> **DATA RECORDS**:
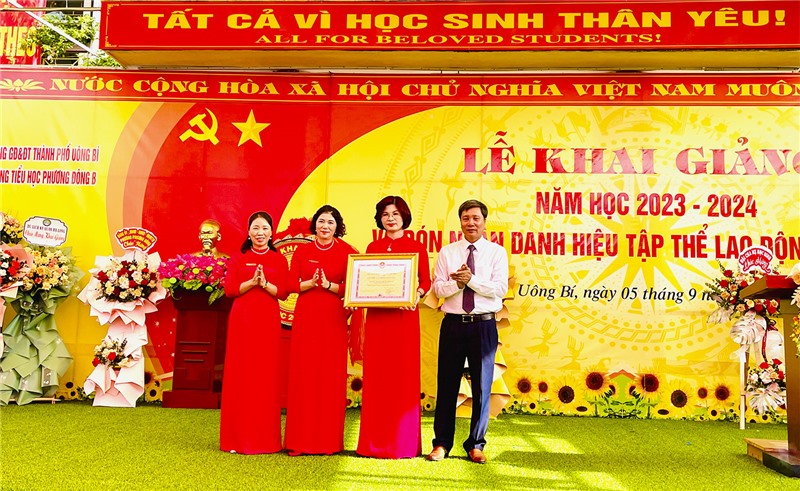 Tại buổi lễ, đồng chí Nguyễn Văn Thành, Uỷ viên BTV Thành ủy, Phó Chủ tịch Thường trực UBND thành phố đã gióng trống khai giảng năm học mới, tặng hoa chúc mừng và trao Bằng công nhận danh hiệu Tập thể lao động xuất sắc năm học 2022-2023 cho thầy và trò nhà trường.
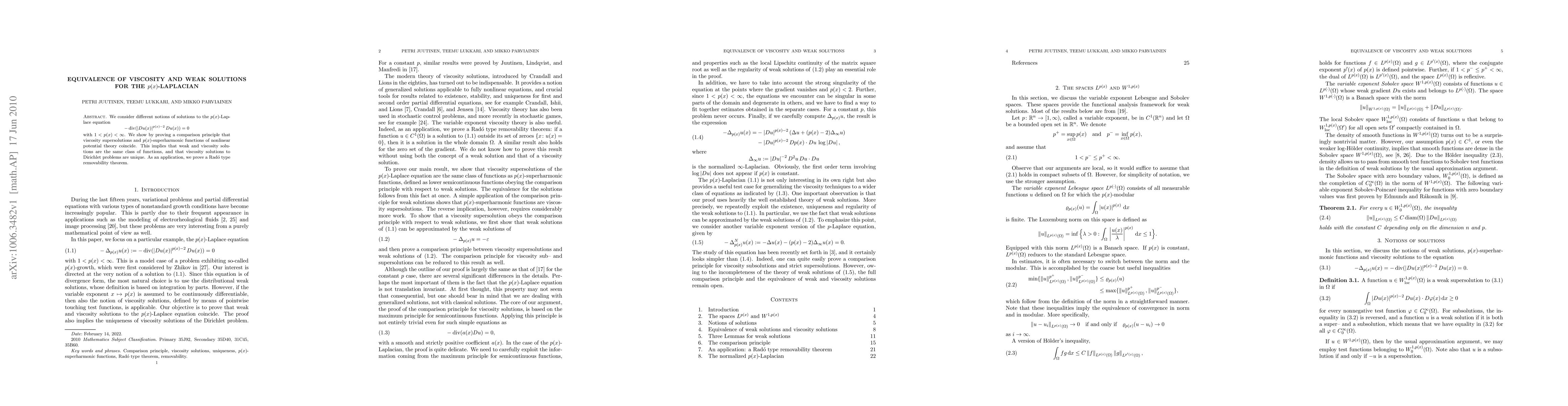 We consider different notions of solutions to the $p(x)$-Laplace equation $-\div(\abs{Du(x)}^{p(x)-2}Du(x))=0$ with $ 1
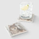 The coasters are gorgeous, a quality feel and heavy weight. They look like a precious archeological find. A rustic stone juxtaposed with a modern floral black and white print. I like the way the print goes slightly imperfect on the cut stone edges giving them a kind-of natural beauty.
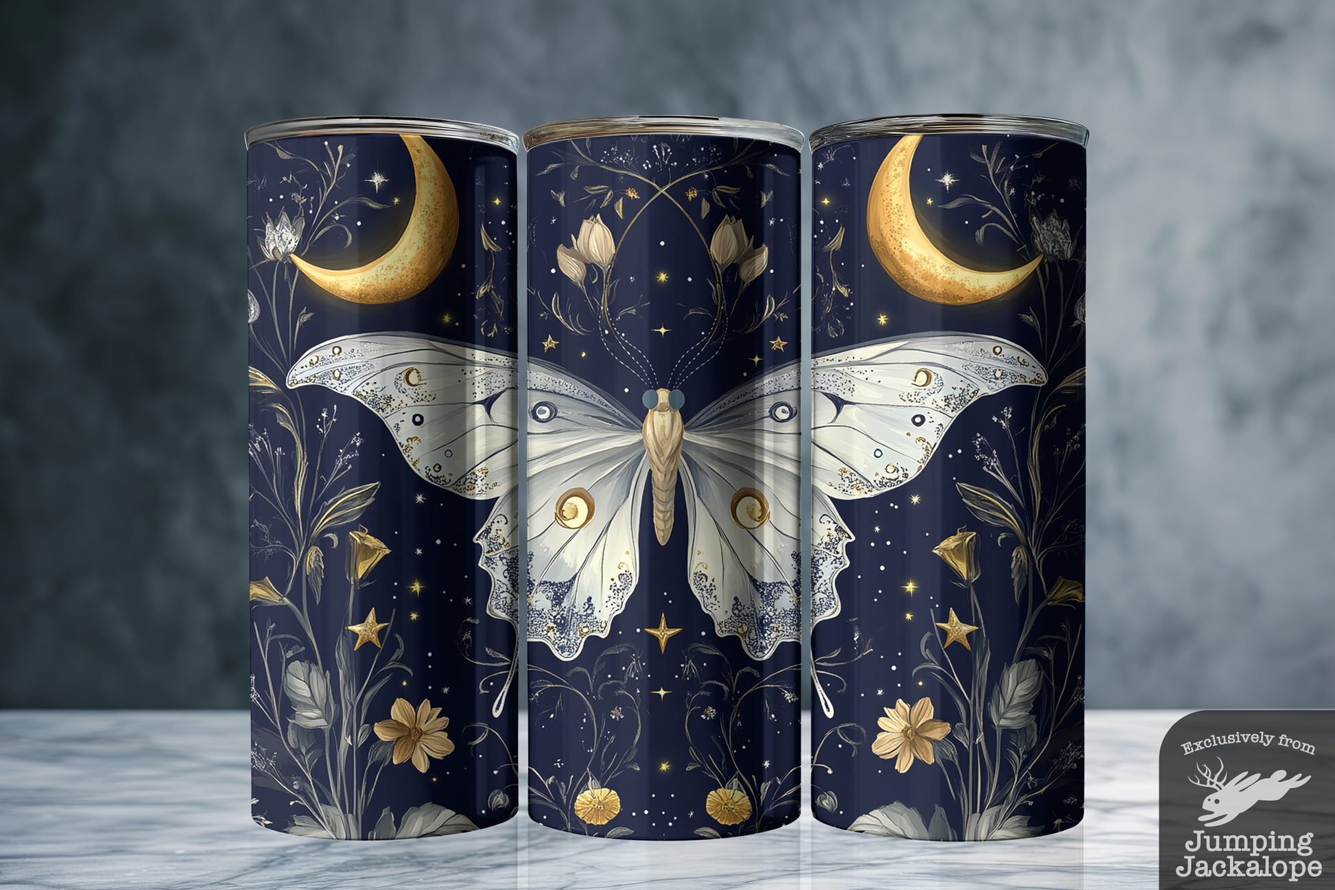 Moonlit Lace Moth Tumbler – Whimsical Floral Night Sky Travel Cup
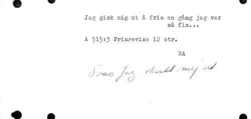 //// Jag gick mig ut å fria en gång jag var //// så fin... //// A 515:3 Friarevisa 12 str. //// RA ////
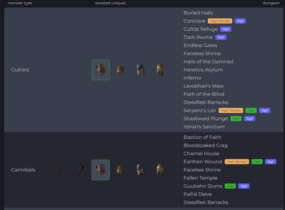 Le site va vous fournir la liste des donjons abritant les monstres capables de vous fournir votre objet !
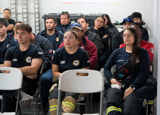 Colbún junto al Cuerpo de Bomberos de Arica desarrollaron una jornada de capacitación en las instalaciones del proyecto Celda Solar a 35 voluntarios del Cuerpo de Bombero de Arica, con el fin de profundizar en el conocimiento de las tecnologías de almacenamiento de energía en baterías BESS y los protocolos de acción ante eventuales emergencias.
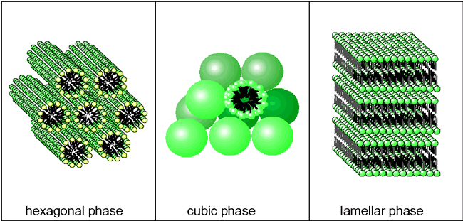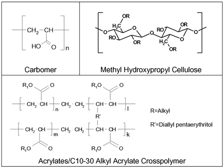 Surfactant gels Surfactant gels are lyotropic liquid crystals. They form by association of hydrated or solvated surfactant molecules. Depending on the structure and concentration of the surfactant differently arranged liquid crystalline phases may form (Fig. 6). Cubic and hexagonal liquid crystals behave clearly visco-elastic, showing the rheological behaviour of both solid and liquid. In common with most typical gels, they possess a substantial yield stress. Cubic surfactant gels react highly elastic upon mechanical agitation. As their oscillating frequency is within the acoustic range, they are called ringing gels. Lamellar liquid crystals are regularly arranged in one dimension and are thus more fluid than cubic or hexagonal phases. However, they are, although less pronounced, also visco-elastic. Surfactant gels seem to be interesting for topical use because they can potentially interact with the intercellular epidermal lipids. The colloidal structure of lamellar phases and the stratum corneum lipids is very similar. The interaction with the skin and the resulting penetration enhancing effect seems to be correlated with the high concentration of surfactants. This affects the structure of the epidermal lipids and thus increases the skin permeability. Lyotropic liquid crystals may also provide improved skin care benefits. Conversely, the irritation potential may also increase with increasing surfactant content. This requires a careful of benefits and risks.. Furthermore it must be considered, that the water content after dermal application will change. Within a few minutes the water content reduces dramatically. This will alter the state of surfactant gels according to their phase behaviour (Fig. 7). When, for example, a cubic phase is applied to the skin it turns into a lamellar phase and ends up as an inverted micellar system at a low water content. Whereby several multi-phase transitional states are also observed. This metamorphosis of the vehicle is known for a longer period, however, its influence on the interaction of the vehicle with the skin is only little investigated so far. Hydro-dispersion gels Hydro-dispersion gels are dispersed systems consisting of a hydrophilic continuous phase and a lipophilic dispersed phase. Usually, hydro-dispersion gels are oil-in-water emulsions with a content of liquid lipid phase between 2 and 20 %. In contrast to classical emulsions, the required stabilization is not provided by the addition of traditional emulsifiers but by means of suitable macromolecules (Figure 8). This is stressed when such formulations in particular in the field of sun care products are called "emulsifier-free". Apart from the interfacially stabilized hydro dispersion gels there are products on the market where relatively small amounts of lipid are solely stabilized by the viscosity enhancing effect of the added polymer. Such "quasi"-emulsions are also termed "Balm". The ingredient list of an appropriate formulation is given in Table 4. The physical stability and an adequate shelf life are obtained through finely dispersing the lipids. This measure and the yield value of the external phase reduce droplet mobility and thus effectively prevent creaming and coalescence of the oil droplets. Even persons with sensitive skin tolerate well hydro-dispersion gels. Their application can be recommended on normal or seborrhoeic skin in particular when large amounts of alcohol are added for antimicrobial preservation. The stabilizing action can be categorized into two classes : (1) Stabilization by enhanced viscosity (so-called "quasiemulsions") (2) interfacial stabilization. In practice, often either of these two mechanisms is responsible for the storage stability with one component being more dominant. Polymers are frequently added to increase the stability of an emulsion by thickening and adding yield value to the continuous phase. Such formulations where no interfacial activity is involved in the stabilizing action of the polymer are obtained when solely polyacrylic acid is used as a stabilizer. In the literature, such preparations are termed "quasi"-emulsions. Appropriate products on the market, often named "balm", usually consist of considerably small amounts of lipids dispersed in a hydrogel. The physical stability and an adequate shelf life are obtained through finely dispersing the lipids. This measure and the yield value of the external phase reduce droplet mobility and thus effectively prevent creaming and coalescence of the oil droplets. The ingredient list of an appropriate formulation is given in Table 2. Table 2: Qualitative Formula of a Lipid-containing Sun Protection Gel ("Pseudo emulsion")
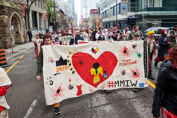 Demonstrators march up Yonge Street in Toronto as Canada marks National Day of Awareness for Missing & Murdered Indigenous Women and Girls and 2SLGBTQI+ people, also known as Red Dress Day, on May 5.Sammy Kogan/The Globe and Mail
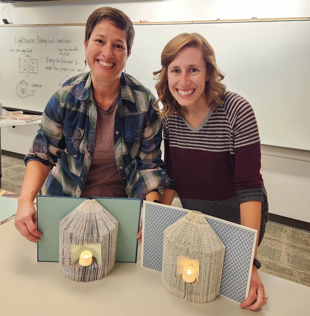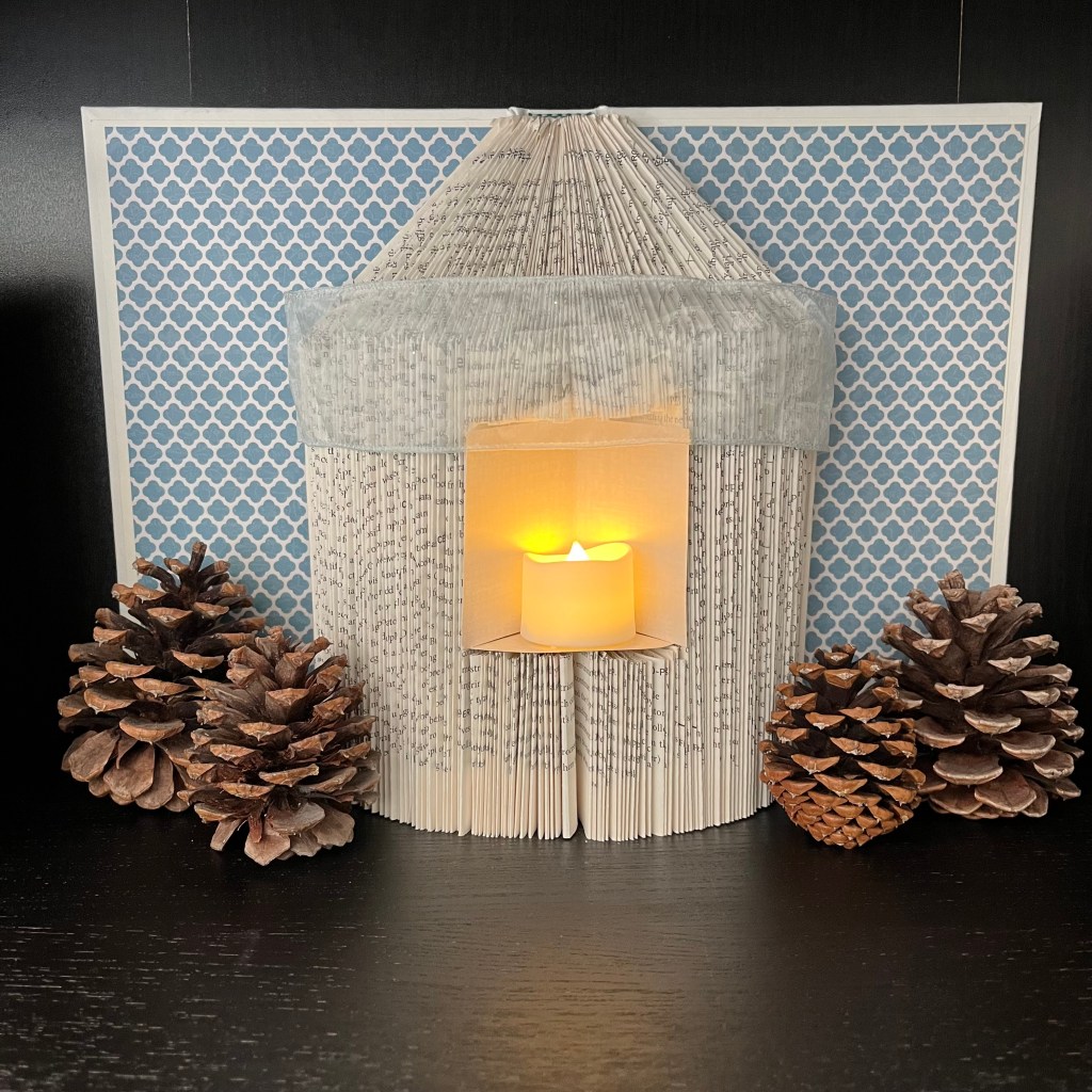 My forever friend, Christa, invited me to join her for a book folding craft at her local library. I had some reservations about my crafting skills, but a book related day out with my friend sounded enjoyable. The group that assembled to craft was diverse and the instructor was full of personality. To finish the craft in the two hour window of time was a bit of a task. We really had to hustle. We made lanterns out of folded books and battery-powered candles. When I got home, I added a bit of ribbon and found a home for my lantern. I wasn’t sure if I would create something worth displaying, but I’m happy with how it turned out!
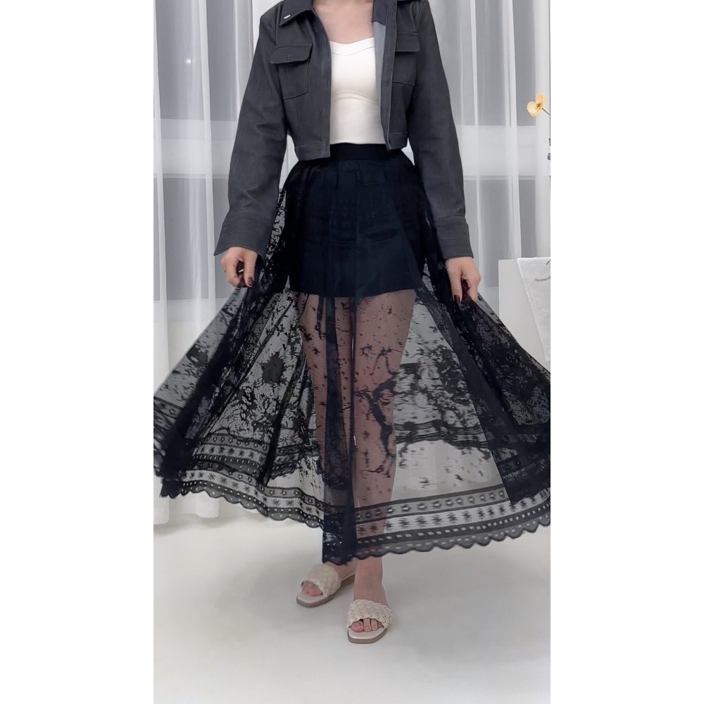 商品細節:高腰設計拉長比例,搭配內襯短裙,巧妙展現若隱若現的美
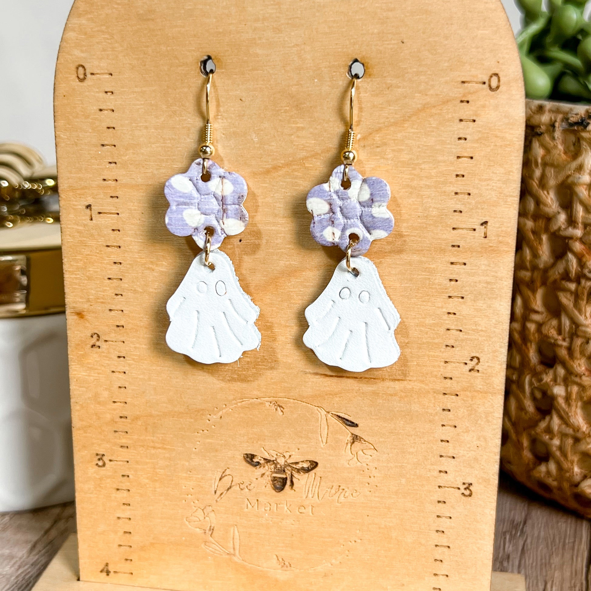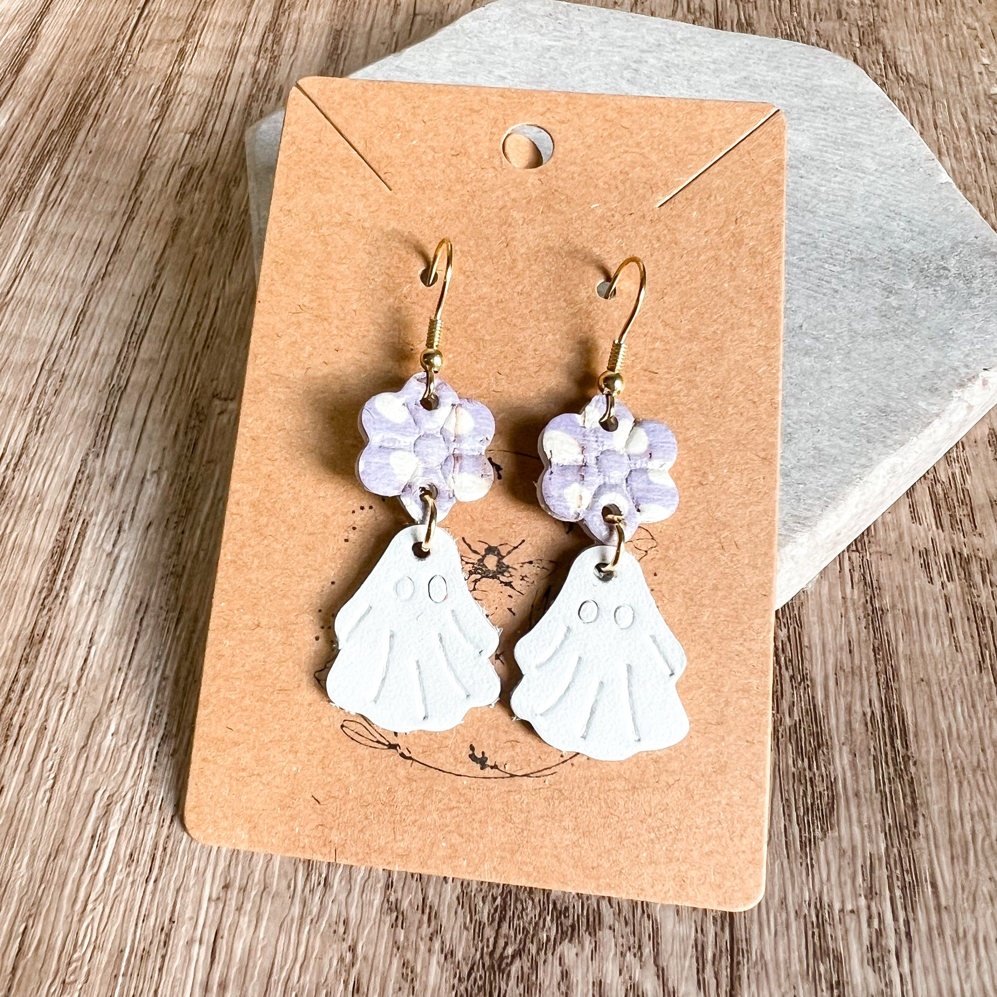 Handcrafted from genuine leather, these playful earrings feature a soft lavender floral stud paired with a dangling white ghost for the perfect mix of cute and festive.
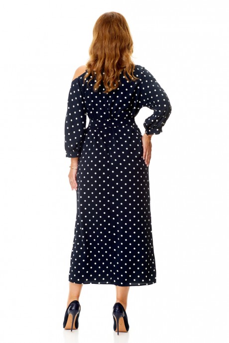 Платье женское прямого силуэта. Рукав цельнокроеный типа "летучая мышь" длиной 3/4. Горловина ассимертричная округлой формы с декоративной цепью на левом плече. Спинка со средним швом. Низ рукава выполнен со сборкой, обработан манжетой с застежкой на петлю-пуговицу. В боковых швах разрезы. Имеется навесной пояс с полукольцам.
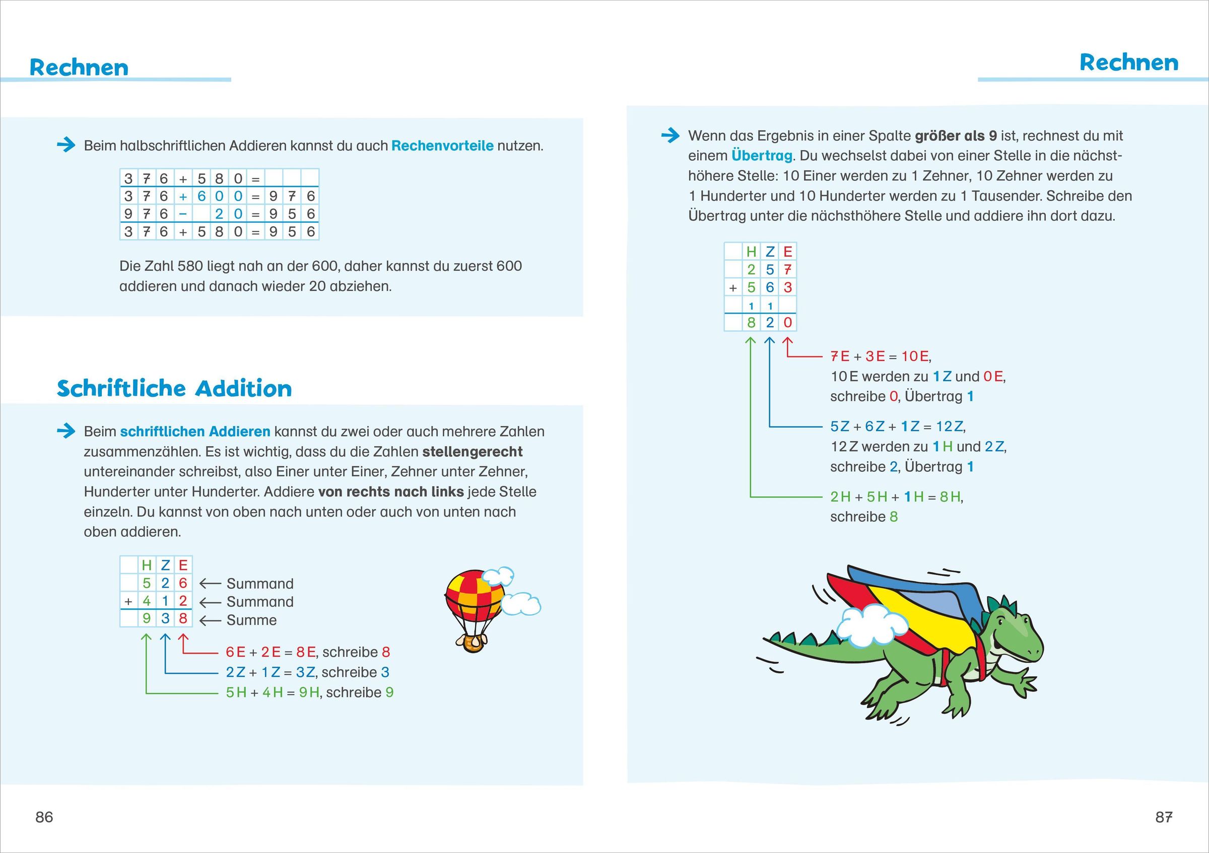 Das ganze Grundschulwissen in Mathe und Deutsch haben wir in einem Buch zusammengefasst: Zahlen und Grundrechenarten, Geometrie, das Rechnen mit Größen, Wortarten und Satzglieder, Rechtschreibregeln, Text- und Aufsatzarten - übersichtlich dargestellt und kindgerecht erklärt. Eine herausnehmbare Lerntafel liefert das Wichtigste auf einen Blick. Mit diesem umfassenden Nachschlagewerk behalten Kinder den Überblick über die wichtigsten Grundlagen und Eltern haben ein verlässliches Hilfsmittel zur Hand, um beim Üben und Wiederholen zu unterstützen. Der perfekte Begleiter durch die Grundschulzeit!
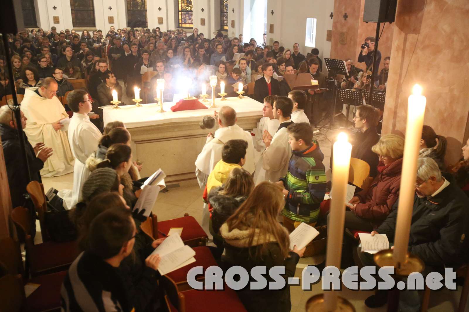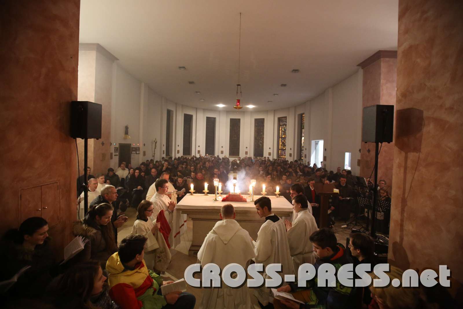 Meditation nach dem Morgenlob im Anbetungszelt."Visus, tactus, gustus in te fallitur,AnbetungAltarraum voll JugendlicherRund um den Tisch des Herrn Keywords New images Shopping CartSelect All None Keep only selected Add selected

> **WHAT NEEDS TO BE DONE**: When you reach the line that has "We consider different" in the data above, start repeating lines exactly, and stop after the line that has "Colbún junto al"; pictures stay out.

> **RESPONSE TO THIS TASK**:
 We consider different notions of solutions to the $p(x)$-Laplace equation $-\div(\abs{Du(x)}^{p(x)-2}Du(x))=0$ with $ 1
 The coasters are gorgeous, a quality feel and heavy weight. They look like a precious archeological find. A rustic stone juxtaposed with a modern floral black and white print. I like the way the print goes slightly imperfect on the cut stone edges giving them a kind-of natural beauty.
 Moonlit Lace Moth Tumbler – Whimsical Floral Night Sky Travel Cup
 //// Jag gick mig ut å fria en gång jag var //// så fin... //// A 515:3 Friarevisa 12 str. //// RA ////
 Le site va vous fournir la liste des donjons abritant les monstres capables de vous fournir votre objet !
 Colbún junto al Cuerpo de Bomberos de Arica desarrollaron una jornada de capacitación en las instalaciones del proyecto Celda Solar a 35 voluntarios del Cuerpo de Bombero de Arica, con el fin de profundizar en el conocimiento de las tecnologías de almacenamiento de energía en baterías BESS y los protocolos de acción ante eventuales emergencias.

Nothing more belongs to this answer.